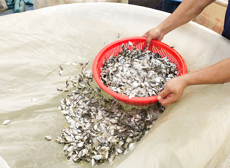投苗是一項大工程,榴莲视频成人APP每天要投放約200萬尾魚苗,因此在篩選魚苗上,就得下足功夫,好的魚苗成活率高,養出的成魚品質好。
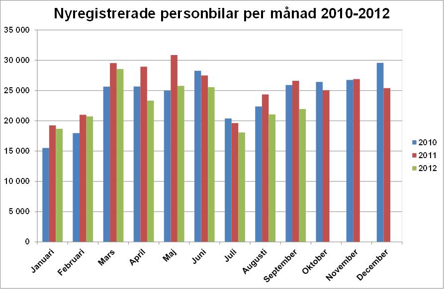 Under september registrerades 21 937 nya personbilar, vilket är en minskning med 17,6 % jämfört med samma månad förra året. Hittills i år, januari-september, har registreringarna minskat med 10,5 %. Lastbilsregistreringarna totalt minskade med 21,0 % under september till 3 691. Hittills i år har lastbilsregistreringarna minskat med 12,6 %. Lätta lastbilar upp till 3,5 ton minskade i september med 22,7 % och tunga lastbilar över 16 ton minskade med 5,9 %. Hittills i år har lätta lastbilar minskat med 13,5 % och tunga lastbilar har minskat med 5,3 %.
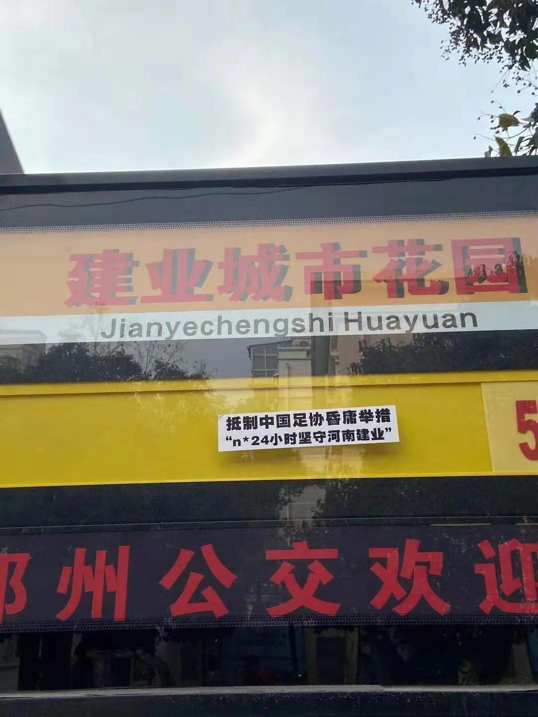 在焦灼的等待中,建业球迷没有闲着,他们在所有能想到的与建业和足球相关的场合,都贴出印有“抵制中国足协昏庸举措,n*24小时坚守河南建业”的纸牌,这其中甚至包括足协。

──────

_Task to carry out_: Return the material exactly as given above, picture-free.

_The answer_:
投苗是一項大工程,榴莲视频成人APP每天要投放約200萬尾魚苗,因此在篩選魚苗上,就得下足功夫,好的魚苗成活率高,養出的成魚品質好。
 Under september registrerades 21 937 nya personbilar, vilket är en minskning med 17,6 % jämfört med samma månad förra året. Hittills i år, januari-september, har registreringarna minskat med 10,5 %. Lastbilsregistreringarna totalt minskade med 21,0 % under september till 3 691. Hittills i år har lastbilsregistreringarna minskat med 12,6 %. Lätta lastbilar upp till 3,5 ton minskade i september med 22,7 % och tunga lastbilar över 16 ton minskade med 5,9 %. Hittills i år har lätta lastbilar minskat med 13,5 % och tunga lastbilar har minskat med 5,3 %.
 在焦灼的等待中,建业球迷没有闲着,他们在所有能想到的与建业和足球相关的场合,都贴出印有“抵制中国足协昏庸举措,n*24小时坚守河南建业”的纸牌,这其中甚至包括足协。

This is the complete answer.